Sometimes you need a custom stock photo image. The stock image websites, like Unsplash, Pixabay and Pexels are excellent free sources. But when you have something super specific in mind, Ideogram.ai is one of many tools that could do the job for you.

Here’s some Leasing Consultants giving tours to prospects, created with Ideogram:

What Is Ideogram?

Unlike many AI content creation sites, Ideogram.ai has a minimalist feel with UI with just a small question mark on the bottom right that links out to a few pages. Like another famous social media site that ends in “gram”, Ideogram is a similar social media style account with a very similar feel to that original “gram”. You can choose whether you want your creations to be private or public as well, gain followers, “like” other posts and remix other account creations.

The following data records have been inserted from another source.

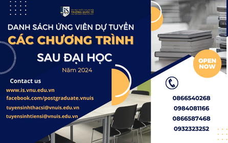 Thông báo Danh sách ứng viên dự tuyển các chương trình sau đại học do ĐHQGHN cấp bằng tại Trường Quốc tế đợt 1 năm 2024 03.04.2021 356 Trường Quốc tế thông báo Danh sách ứng viên dự tuyển các chương trình sau đại học do ĐHQGHN cấp bằng đợt 1 năm 2024Danh sách ứng viên dự tuyển chương trình Thạc sĩDanh sách ứng viên dự tuyển chương trình Tiến sĩ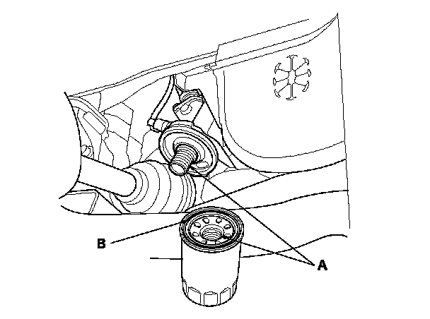 3. Inspect the threads (A) and the rubber seal (B) on the new filter. Clean the seat on the oil filter base, then apply a light coat of new engine oil to the filter rubber seal. Use only filters with a built-in bypass system.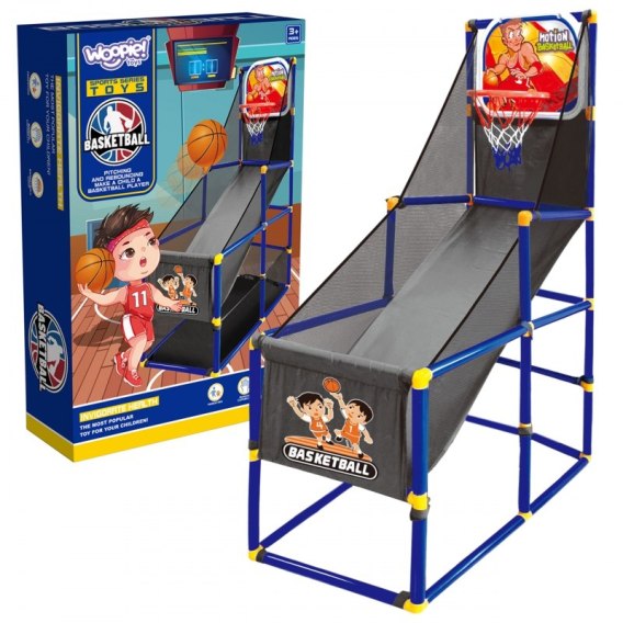 Stanowisko do gry w koszykówkę od marki WOOPIE, to dobrej jakości produkt, który umili twojemu dziecku normalną grę w koszykówkę. Dzięki starannie zaprojektowanej obudowie do umieszczonego na samej górze kosza, piłka twojego dziecka, po trafieniu w "tablicę" będzie łatwo dostępna do ponownego rzutu. Jeśli twoje dziecko uwielbia grac na dworze, właśnie ten zestaw sprawi, że nie będzie musiał szukać piłki po całym podwórku! Prezentowany produkt jest zestawem do gry w koszykówkę w domu oraz na zewnątrz. Zestaw odznacza się doskonałym projektem i wykonaniem z użyciem materiałów najwyższej jakości, co sprawia, że z pewnością posłuży Twoim dzieciom przez wiele lat.

With your Google or Apple account, you can create an Ideogram account and then “Describe what you want to here”. From there, you can fine tune your aspect ratio and add stylistic effects such as:

  • Photo
  • Illustration
  • 3D Render
  • Typography
  • Cinematic
  • Poster
  • Dark Fantasy
  • Graffiti
  • Architecture
  • Conceptual Art
  • Ukiyo-e (I had to look this one up: It’s a Japanese art genre that include woodblock prints and paintings from the 17th to 19th centuries.)
  • and more!

Creating A Fictional Apartment Video With Runway

A fictional apartment community teaser made with Runway. The fire pits are extreme, and dog heads morph into cats, but it’s an aesthetic that keeps getting refined. Just watch out for those expanding donuts.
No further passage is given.